───── Available data ─────
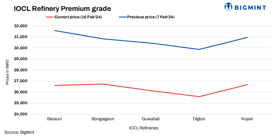 IOCL slashes fuel grade pet coke prices by up to INR 710/t for Feb’24
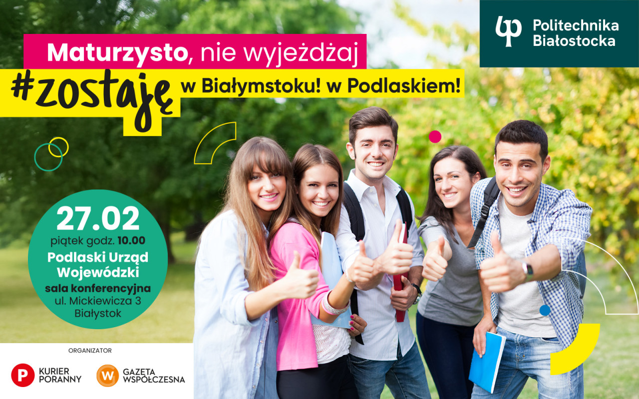 Politechnika Białostocka spotka się z maturzystami w ramach akcji „Zostaję w Białymstoku, zostaję w Podlaskiem” 27 lutego 2026 r. w Podlaskim Urzędzie Wojewódzkim. Uczelnia zaprezentuje kierunki studiów, zachęcając młodzież do wyboru zawodu inżyniera i weźmie udział w panelu poświęconym edukacji.
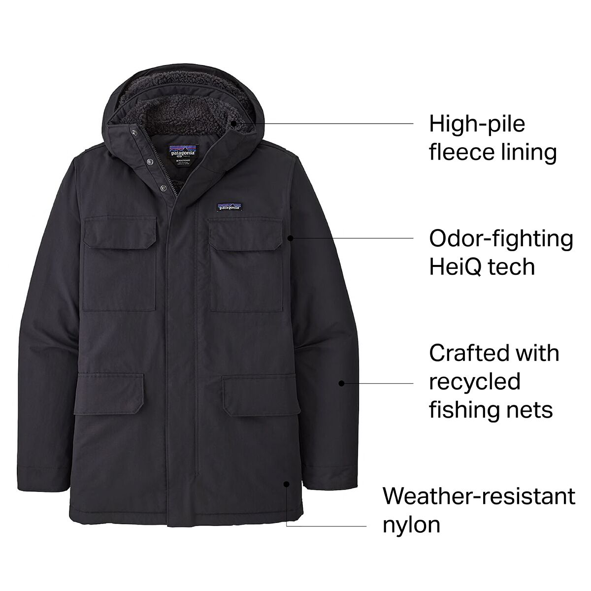 The tough, winter-ready Isthmus Parka from Patagonia is our everyday choice for cold-weather adventure. Newly crafted with recycled fishing nets, the weather-resistant nylon shell keeps us protected in light rain and wintry wind. High-pile fleece lines the body and the hood for soft, warm comfort, and insulated sleeves lock in heat on cold shoulder-season expeditions.
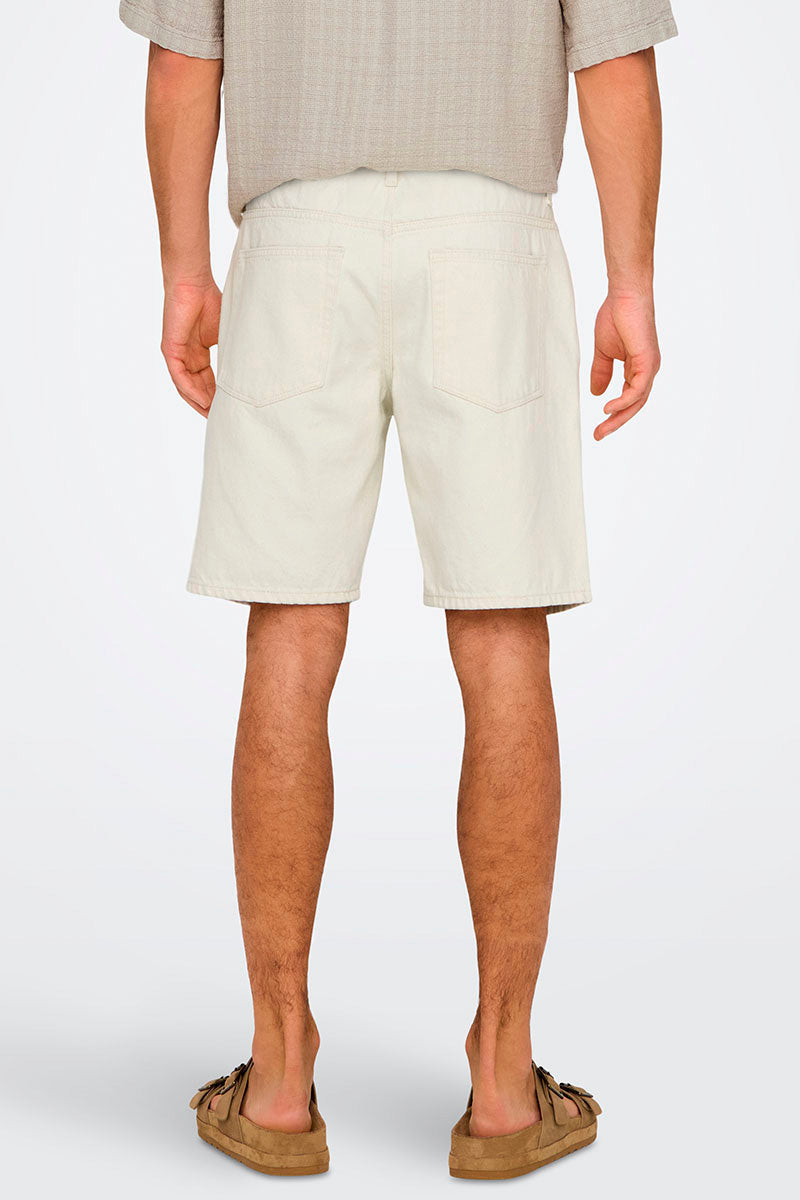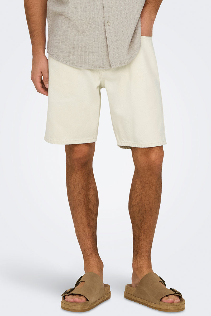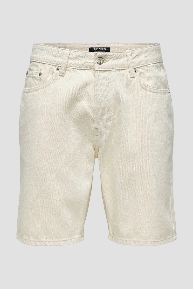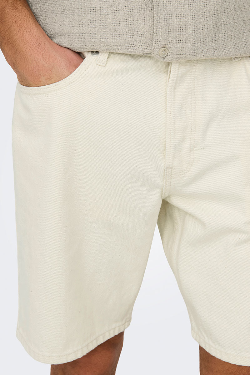 Edge Straight Fit Denim Shorts Ecru
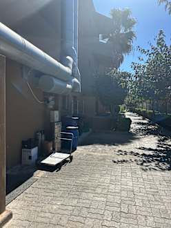 Vorbei an den Mülltonnen der Restaurantküche.
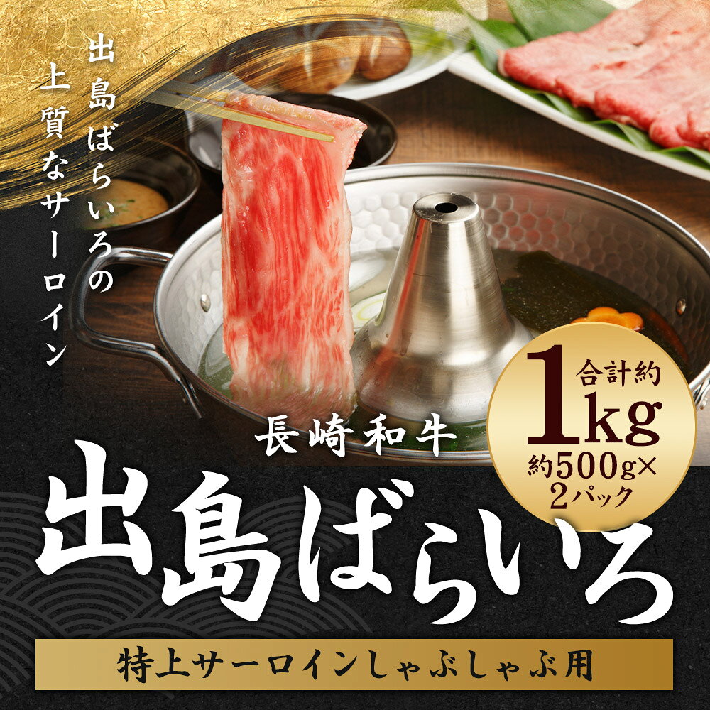 - 【ふるさと納税】出島ばらいろ 特上サーロイン しゃぶしゃぶ用 計約1kg(500g×2) 長崎和牛 牛肉 お肉 自家製ポン酢 ごまだれ付き 木箱入り 冷凍 長崎県産 国産 九州 長崎県 長崎市 送料無料
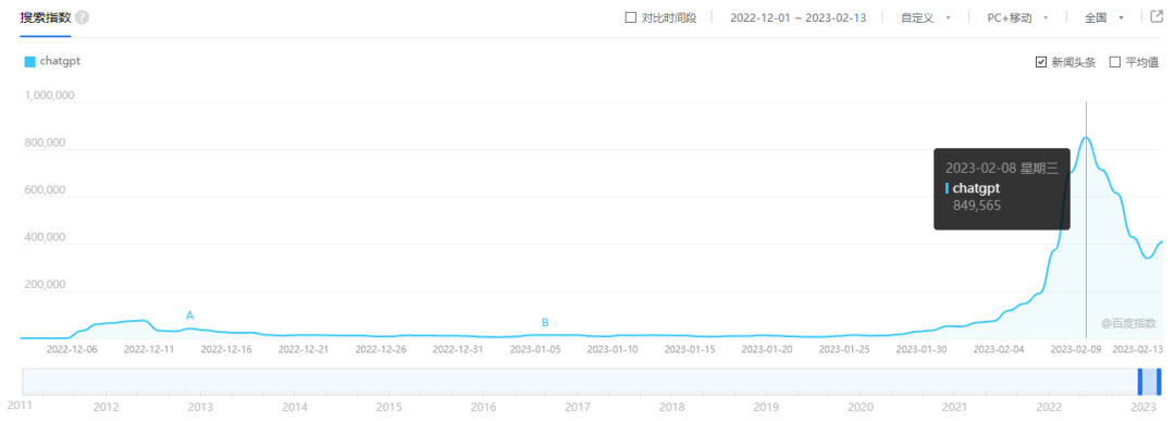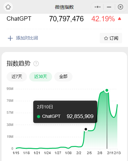 我们通过西瓜数据搜索发现,在 ChatGPT 用户破亿之后,也就是1月底开始,公众号上与之相关的文章内容开始飙升。
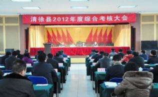本报讯1月14、15日,由市委常委、宣传部长张春根,市政协副主席冯霞带队的市委考核组对我县2012年度工作进行综合考核。1月14日上午,清徐县2012年度综合考核大会在东湖宾馆二楼会议厅召开。张春根、冯霞出席。市委综合考核组组长、市委组织部副部长、人社局局长王富旺主持会议,县委书记车建华代表县领导班子作述职报告和干部选拔任用工作报告,并作个人述职述廉述学报告。县四大班子领导、市管领导干部、有关部门负责人参加了会议。
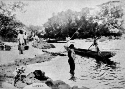 We had nothing to eat in the evening. In the morning our breakfast consisted of two sardines each. We went on in a half-hearted way, my men grumbling all the time, and looking out for birds or monkeys. Seven thousand five hundred metres from our camp we came to a waterfall, where we had endless trouble. The principal channel led to 50° b.m., but the river split up into innumerable channels among islands, islets and rocks that formed a regular maze. The river was in that particular spot 1,200 m. wide, and contained great masses of volcanic rock, much fissured, and having great holes in them. This mass of rock extended from north-east to south-west. There were large cracks, where the mass had split, and had subsequently been eroded by the rush of water. The rock had cutting edges everywhere like those of razors. With endless difficulty we had managed to drag the canoe along nearly to the bottom of that dangerous place, when we were suddenly confronted by a drop of 12 ft. with a terrific rush of water over it. It was impossible for us to negotiate that point, for below was a whirlpool absolutely impassable. We had therefore the tiresome work of dragging back the canoe for some 350 m. up the rapid once more, in order that we might find a more suitable channel. To make things more lively for us, a violent thunderstorm broke out, soaking all our baggage but making little difference to us, as we were soaked already. We had spent that entire day in the water, struggling to take the canoe down the rapid and up once more. By eight o'clock at night we were still working, endeavouring to save the canoe.
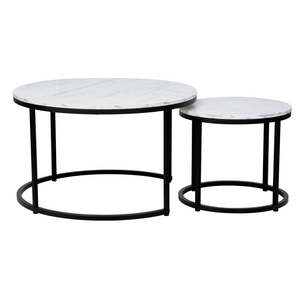 Set moderných konferenčných stolíkov CIRKO v bielo-čiernej kombinácii. Väčší stolík s priemerom 80 cm a menší s 48 cm sú ideálne na zasunutie. Stabilná konštrukcia s nosnosťou 40 kg. Dodávané v demont
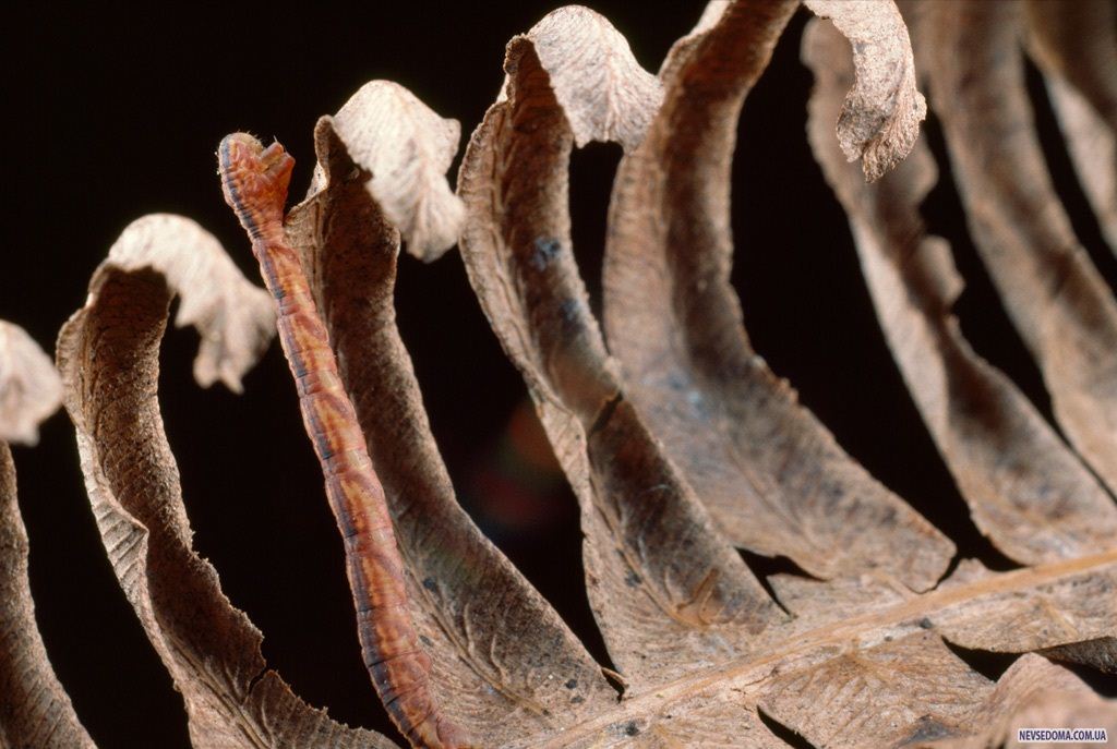 10. Витой лист папоротника предоставляет идеальное укрытие для коричневой пяденицы. Эта гавайская гусеница маскируется, а затем внезапно нападает на своих жертв. (Robert Sisson)
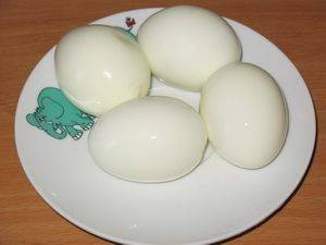 Яйца нужно отварить в соленой воде (это займет 10-15 мин), далее их опускаем в холодную воду и держим 5 минут, затем их чистим от скорлупы и режем пополам. Желкти натираем на мелкой терке, выкладываем на сырный слой и опять — сетка из майонеза. Сверху — тертые яичные белки с майонезом. Это последний салата.
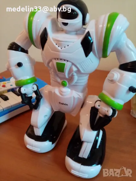 2.Робот Calvin ходещ, пеещ, стрелящ,светещ, издава различно звуци и говорящ.
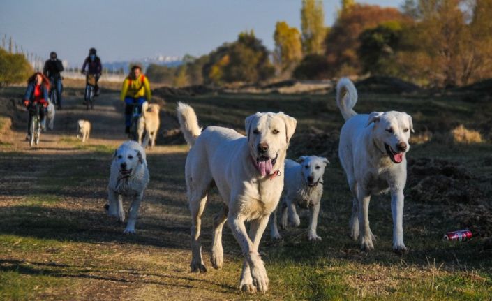 Eskişehir’de Akbaş cinsi köpekleriyle birlikte bisiklete binip doğa yürüyüşü yapan Serkan Berber, arkadaşlarıyla ‘Akbaş Safari’ adını verdikleri etkinlikte buluşuyor.
─────
- [What you should do] Copy needed, without pictures: the lines of the listing above from the line containing "The tough, winter-ready" up to and including the line containing "本报讯1月14、15日,由市", set down exactly.

- [Answer for this exercise]
 The tough, winter-ready Isthmus Parka from Patagonia is our everyday choice for cold-weather adventure. Newly crafted with recycled fishing nets, the weather-resistant nylon shell keeps us protected in light rain and wintry wind. High-pile fleece lines the body and the hood for soft, warm comfort, and insulated sleeves lock in heat on cold shoulder-season expeditions.
 Edge Straight Fit Denim Shorts Ecru
 Vorbei an den Mülltonnen der Restaurantküche.
 - 【ふるさと納税】出島ばらいろ 特上サーロイン しゃぶしゃぶ用 計約1kg(500g×2) 長崎和牛 牛肉 お肉 自家製ポン酢 ごまだれ付き 木箱入り 冷凍 長崎県産 国産 九州 長崎県 長崎市 送料無料
 我们通过西瓜数据搜索发现,在 ChatGPT 用户破亿之后,也就是1月底开始,公众号上与之相关的文章内容开始飙升。
本报讯1月14、15日,由市委常委、宣传部长张春根,市政协副主席冯霞带队的市委考核组对我县2012年度工作进行综合考核。1月14日上午,清徐县2012年度综合考核大会在东湖宾馆二楼会议厅召开。张春根、冯霞出席。市委综合考核组组长、市委组织部副部长、人社局局长王富旺主持会议,县委书记车建华代表县领导班子作述职报告和干部选拔任用工作报告,并作个人述职述廉述学报告。县四大班子领导、市管领导干部、有关部门负责人参加了会议。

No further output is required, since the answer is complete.